— What is required —
Starting at the line that contains "- Описание ИИ: Женский", reproduce only the lines through the end of the data, exactly, including both the first and the last; skip the pictures.

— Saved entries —
________________
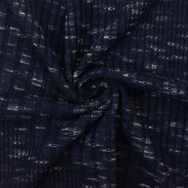 This soft and textured irregular diagonal rib knit fabric features a stylish slub pattern in dark navy blue and white gray. Made with a durable polyester-rayon-spandex blend, it offers four-way stretch, an opaque finish, and a matte luster—perfect for activewear, blouses, dresses, and apparel.
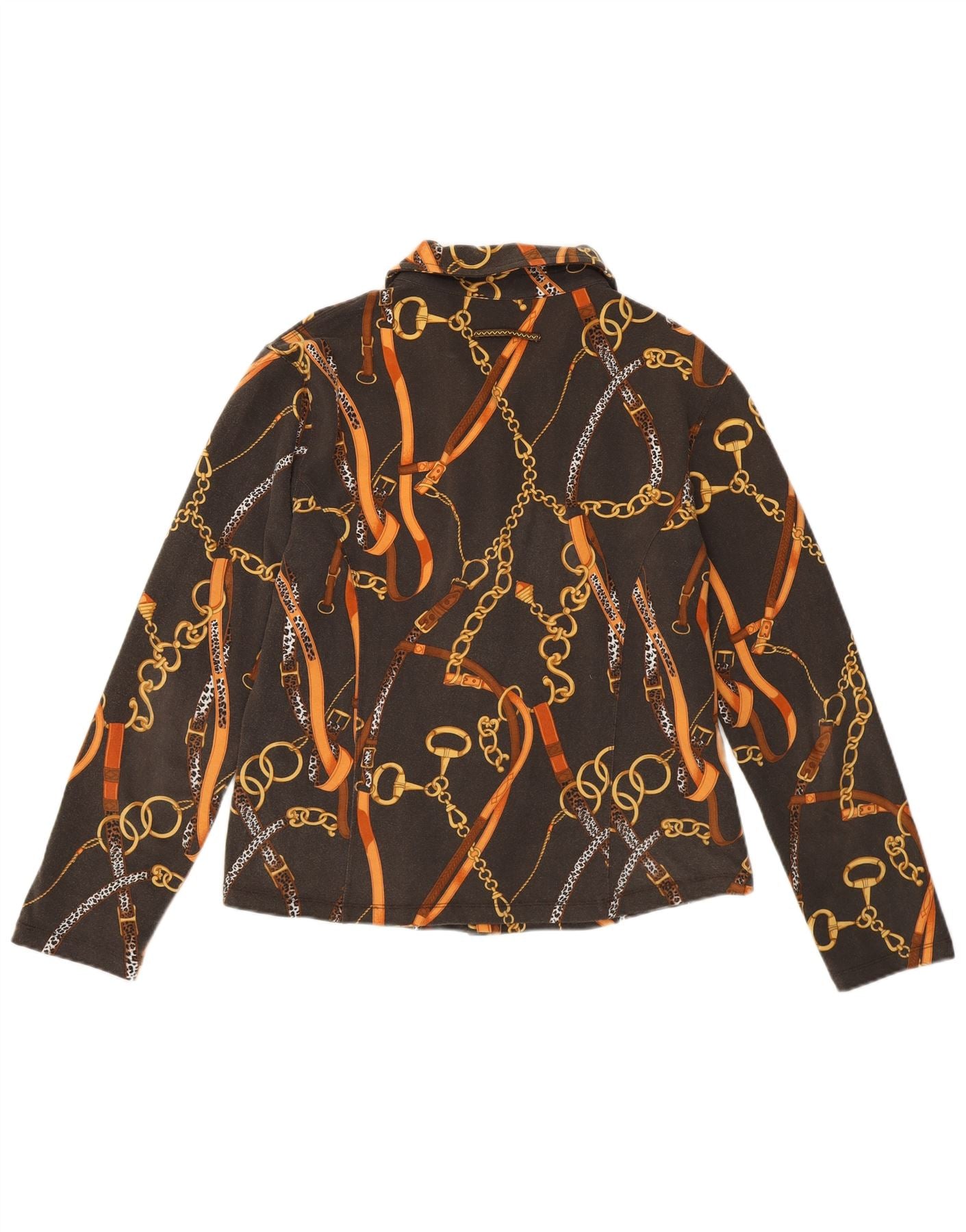 - Описание ИИ: Женский топ с воротником In Sport выполнен из мягкого эластичного хлопково-эластанового трикотажа. Модель украшена ярким графическим принтом в виде золотых цепочек и коричневых ремней на черной основе. Вырез с воротником и застежка на пуговицы спереди создают элегантный и структурированный образ. Длинные рукава и стандартный крой обеспечивают удобство ношения. Тонкие карманы добавляют практичности этому дизайну в стиле ретро.
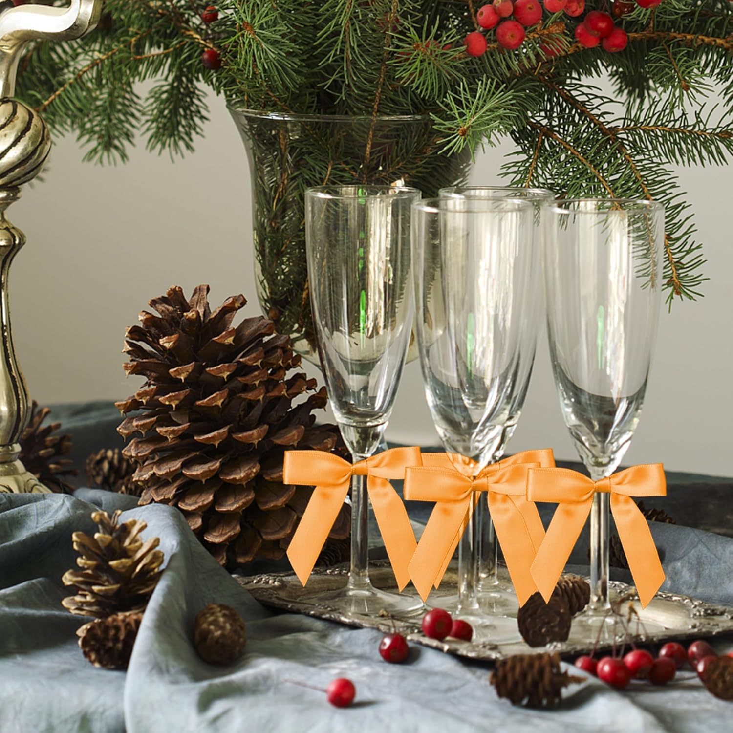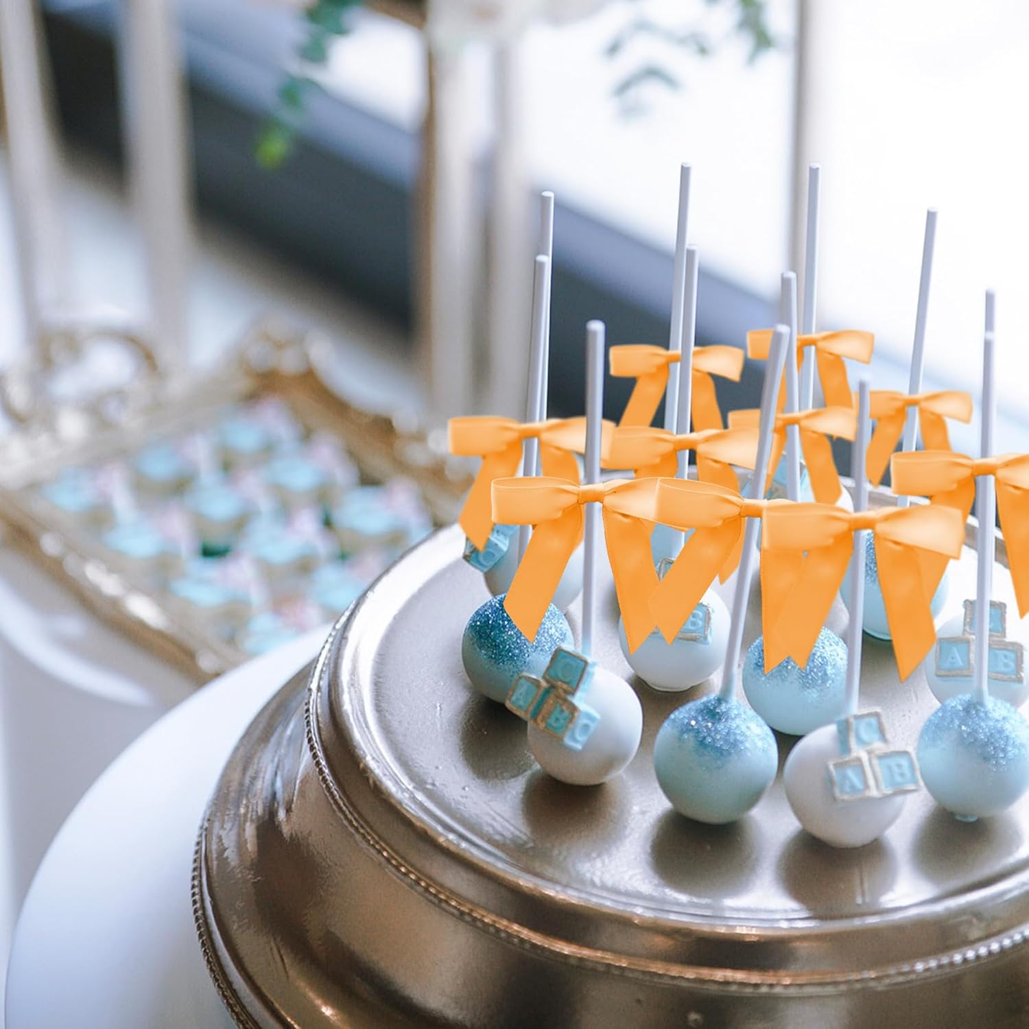 50Pcs Orange Twist Tie Bows for Gift Wrapping 2.5" Satin Ribbon Bow for Treat Bags Balloons Birthday Party Favors Wedding Decorations
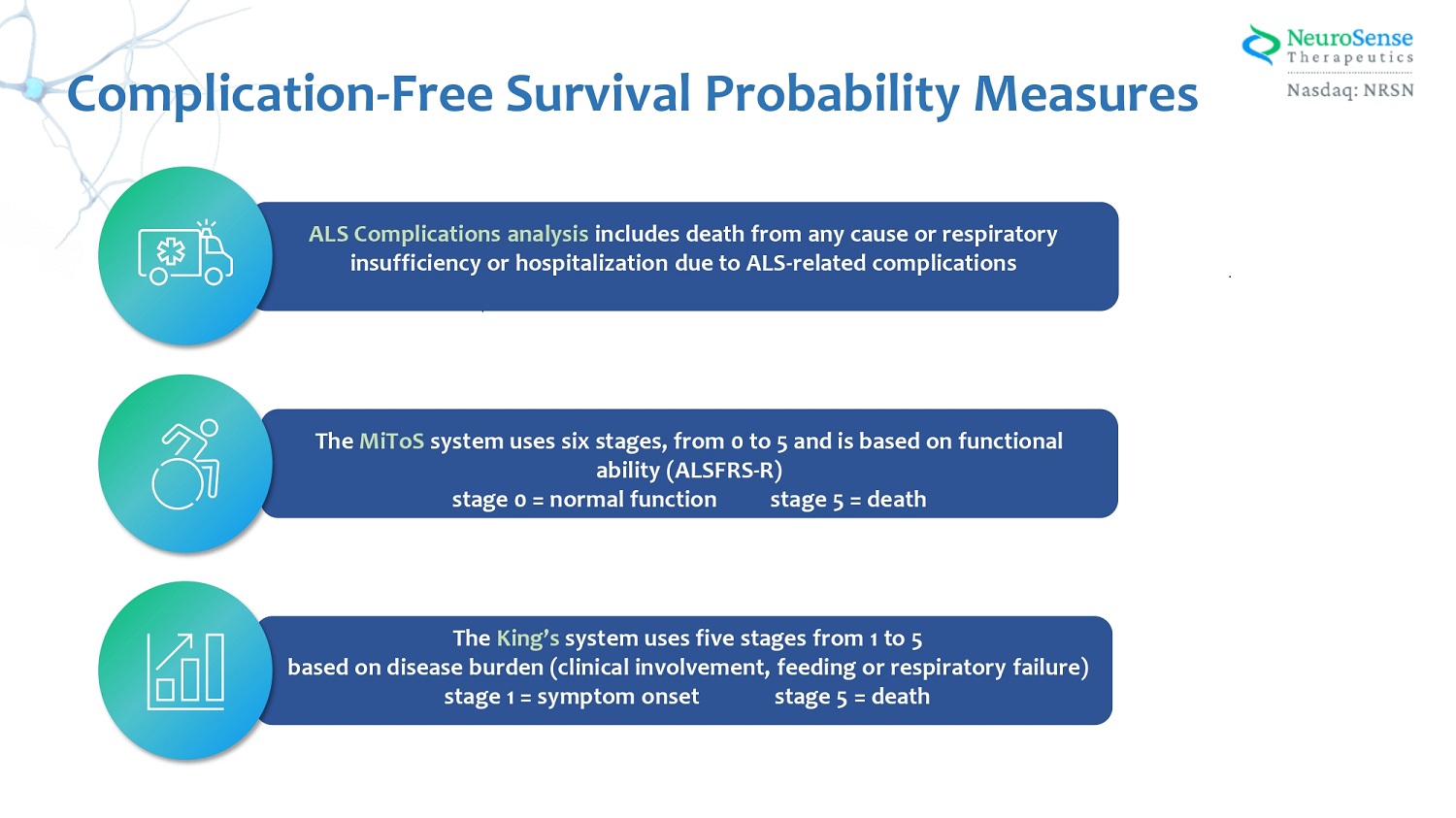 Complication - Free Survival Probability Measures ALS Complications analysis includes death from any cause or respiratory insufficiency or hospitalization due to ALS - related complications The MiToS system uses six stages, from 0 to 5 and is based on functional ability (ALSFRS - R) stage 0 = normal function stage 5 = death The King ’ s system uses five stages from 1 to 5 based on disease burden (clinical involvement, feeding or respiratory failure) stage 1 = symptom onset stage 5 = death
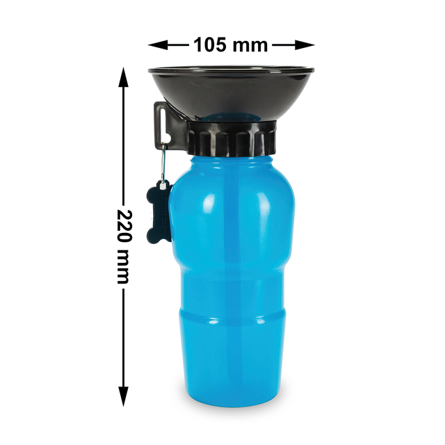 - Інноваційний дизайн: обладнана спеціальною кришкою, яка під час натискання на пляшку перетворюється на зручну миску. Це дає змогу вашій тварині легко та зручно пити воду в будь-якій ситуації, без потреби носити додаткові миски;
________________
— Finished exercise —
 - Описание ИИ: Женский топ с воротником In Sport выполнен из мягкого эластичного хлопково-эластанового трикотажа. Модель украшена ярким графическим принтом в виде золотых цепочек и коричневых ремней на черной основе. Вырез с воротником и застежка на пуговицы спереди создают элегантный и структурированный образ. Длинные рукава и стандартный крой обеспечивают удобство ношения. Тонкие карманы добавляют практичности этому дизайну в стиле ретро.
 50Pcs Orange Twist Tie Bows for Gift Wrapping 2.5" Satin Ribbon Bow for Treat Bags Balloons Birthday Party Favors Wedding Decorations
 Complication - Free Survival Probability Measures ALS Complications analysis includes death from any cause or respiratory insufficiency or hospitalization due to ALS - related complications The MiToS system uses six stages, from 0 to 5 and is based on functional ability (ALSFRS - R) stage 0 = normal function stage 5 = death The King ’ s system uses five stages from 1 to 5 based on disease burden (clinical involvement, feeding or respiratory failure) stage 1 = symptom onset stage 5 = death
 - Інноваційний дизайн: обладнана спеціальною кришкою, яка під час натискання на пляшку перетворюється на зручну миску. Це дає змогу вашій тварині легко та зручно пити воду в будь-якій ситуації, без потреби носити додаткові миски;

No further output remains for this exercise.